Introduction to Chi-square tests

This last section of the course deals with one of the most useful statistical tests available to psychologists. Here I shall first give an introduction to some general principles, followed by the details of statistical analysis.

Qualitative versus Quantitative Research Methods

The reason this test is so useful is because psychologists often use qualitative data. However, note that we are not dealing here with qualitative research methods. In terms of methodology, the chi-square test belongs on the quantitative side of the divide.

As Trochim points out, all qualitative data can be reduced to quantitative data by assigning numbers in appropriate ways. There is much debate about this topic, and you can refer to Trochim for more information.

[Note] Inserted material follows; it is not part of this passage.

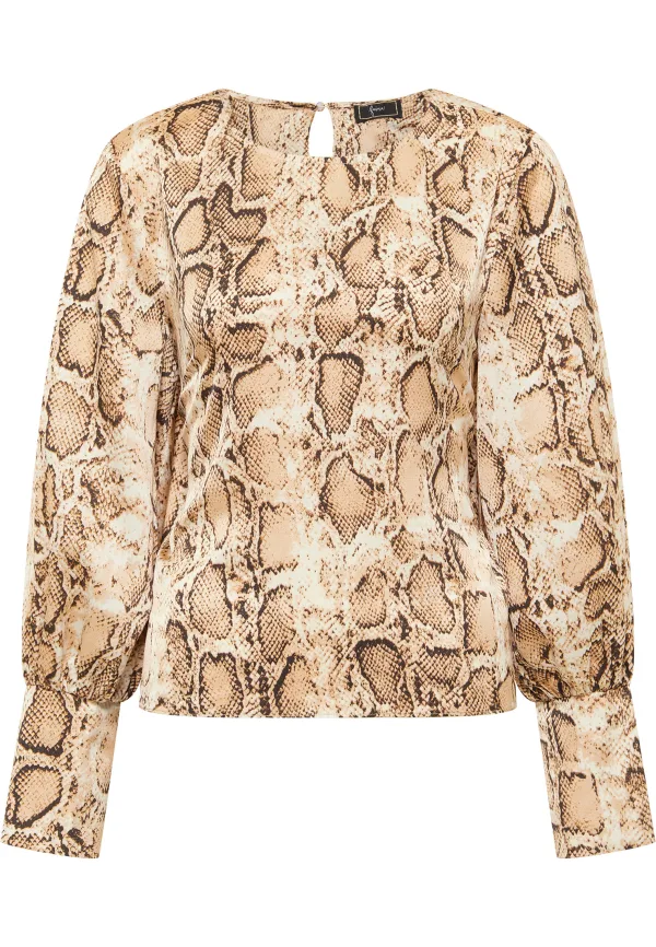 Zijdeachtige verleiding komt met deze blouse van faina. Het lichte en losjes vallende materiaal flatteert u, terwijl de exotische slangenprint u tot een onweerstaanbare blikvanger maakt. Speciale aandacht gaat uit naar de rughals, waar alleen een knoop en lint de blouse sluiten. Toon-op-toon decoratieve manchetknopen aan klassiek gehouden blousemouwen ademen stijlvolle elegantie. Deze blouse is een prachtige aanvulling op uw look en wordt aanbevolen bij zowel uw slanke broek met hoge taille als uw nauwsluitende rokken.

A distinction between research methods and data analysis can make this issue less controversial: Researchers who use qualitative methods often reject the very notion of DATA. The word "data" literally means "that which is given". Some researchers argue that it is false to believe in such a notion because it negates the constructive nature of perception and the social construction of knowledge. If there are no data, there can be no data analysis.

Qualitative data analysis

Trochim's point about qualitative data is valid if one accepts the notion of data as "given". The distinction between qualitative and quantitative then reduces to methods that avoid direct measurements, and use only classification and counting. For example interview transcripts can be content-analysed. Trochim's point is simply that as soon as one begins to count, then you are using quantity. When the results of a content-analysis are tabulated showing the frequency of certain categories, then quantitative data analysis is being used.

For the purpose of this section of the course it is assumed that it is valid to think of "data as given", and that counting frequencies of whatever categories are employed is the method of analysis.

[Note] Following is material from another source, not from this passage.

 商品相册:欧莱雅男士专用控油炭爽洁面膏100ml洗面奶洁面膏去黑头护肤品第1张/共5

The chi-square test is useful whenever the data are in categories and it is possible to count category instances.

Classification and counting

Basic Principles

Mutually exclusive categories
The simplest classification is a dichotomy, such as "figure" versus "ground". Each category excludes the other. This is essential for the purpose of chi-square analysis.
Exhaustive categories
This means that all possibilities are included, which is not always obvious. Exhaustive classification is the basic requirement that conflicting information not be ignored. For example, consider the Great Dictator who claims to be democratically elected on the basis of 99% of the votes, when in fact the election was boycotted by the vast majority of the population! The problem would disappear if the categories were "in favour"; "against"; "abstain".
The classification of one event should not be affected by the prior classification of another event. This is an even more subtle problem than the previous one. Repeated measures illustrate how this could be violated: Consider the example comparing PSY206F and PSY307F given below. Non-independence occurs when the same people are counted twice. Howell describes a simple check to control this.

Multi-category classification

Often a dichotomy is too simplistic. The dichotomous "yes" versus "no" options seen in questionnaires can be extended by including an "undecided" option. Apartheid-style racial classification of "black" versus "white" quickly leads to intermediate categories such as "coloured", and several strange labels such as "honarary white"! Whatever the purpose, multi-category classification is more flexible than dichotomous systems. However, the same requirement of exclusion pertains: Categories must be mutually exclusive.

Multi-way classification

This is not simply an extension of the number of categories employed. In multi-way classification the same object is considered on two or more dimensions. A dimension is like a points of view. For example, in a two-way classification an interview response may be classified in terms of an attitude dimension and at the same time in terms of a demographic dimension: Attitude responses are cross-classified by demographic category to yield information about the distribution of attitudes across various groups. We call this contingency table analysis.

The purpose of contingency table analysis is to investigate relationships between dimensions.

For example, consider the Rape Conviction data cited in Howell. Data were classified in two dimensions: The verdict of a jury in decisions about rape, and the level of blame attributed to the victim. In this example (but not always) there was a distinction between cause and effect: Attribution of blame was found to influence verdict. The data are shown below:
Not Guilty7624100
The table shows observed frequencies in the cells, as well as row and column marginal totals. The grand total is shown at the bottom right hand corner.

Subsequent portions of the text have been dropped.